Gauss Law for finite linear conductor Why can't Gauss Law be applied to a finite linear Conductor, while as the same can be applied to an infinite Conductor.
 A: The reasoning behind applying Gauss Law in infinitely large distributions of charge is symmetry. This is because in infinite charge contributions (say linear, i.e. 1 dimensional ones) there will always exist two infinitesimally small pieces of the charged rod (if it is a rod), one on the left and one on the right of the point at which we wish to calculate the electric field, whose contributions to the parallel with the rod component of the electric field will cancel.
In the case in which, say, you have a finite linear charge distribution (i.e. a rod again), and you try to calculate the electric field on top of the one end of the rod, the epxression you will get will not be accurate due to lack of symmetry (the charge distribution at the left hand side of the point at which you wish to calculate the electric field will not be the same as the charge distribution at the right hand side of the point).
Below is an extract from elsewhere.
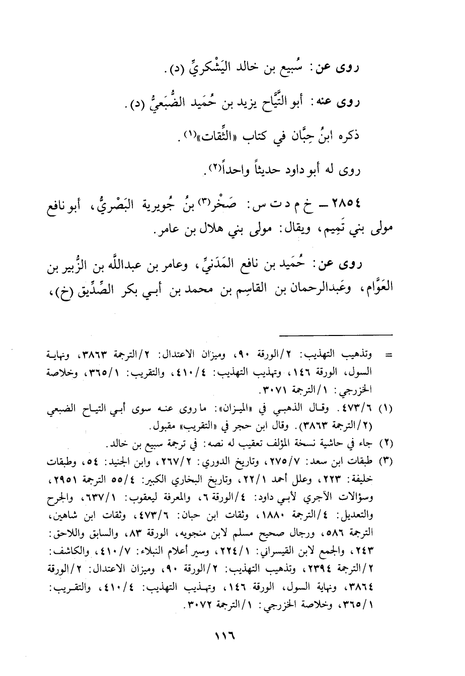 2854 - خ م د ت س: صخر بن جويرية البَصْرِيّ (3) ، أبو نافع مولى بني تميم، ويُقال: مولى بني هلال بن عامر.

I do not exaclty recall right now all the details on the Gauss Law derivation (such that I can tell you whether or not it assumes symmetry as a requirement), but one way in which your approach will suffer is the fact that there is no way to calculate the component of the electric field that is parallel to the charge distribution, by using the Law of Gauss. So, you miss half of the answer before even starting to solve the problem. On the other hand, if your distribution was infinite, you wouldn't have this problem, as, according to all the above, the infinitesimally small charge on the one side of the point at which you wish to calculate the electric field, cancels the contribution to the non-vertical component of the electric field from the infinitesimally small charge on the other side. And since your distribution is infinite, you can always find such pairs!
Having said that, we conclude that it is still possible to apply Gauss law for charge distributions that are finite. You can do that if you want to derive an expression for the electric field on the symmetry axis that goes through the centre of the charged distribution, or alternatively, you can use Gauss law as an approximation to derive an expression for the electric field on points that are located very near the charged distribution (such that the rod length can be approximated as much larger than the distance from the rod at which one calculates the electric field)...
I hope this helps. If anything is not clarified, please comment.
A: The key in Gauss' law is that the field must be uniform over the Gaussian surface, i.e. it must have the same magnitude and direction on the surface.  In the case of the finite line, the field does not have constant magnitude or direction over the line: thus the field over a Gaussian cylinder would not be constant.
It is easy to convince yourself of this last point: if your Gaussian cylinder is close to one edge, or extends past one edge of the finite line, then surely the field there will not be the same as near the "middle" of the line.  In fact, you can compute the field "in front" of the charge line, and it will not have the same direction as the field near the middle of the line.
Of course, if the line is very long and you are interested in the field near the middle of your charged line, then the field would be approximately but very nearly constant over a Gaussian cylinder of finite length, and you can use Gauss' law to obtain the field near the center.
If the line is infinitely long, there is no end so the will be exactly uniform over the line.  Gauss' law is then very useful.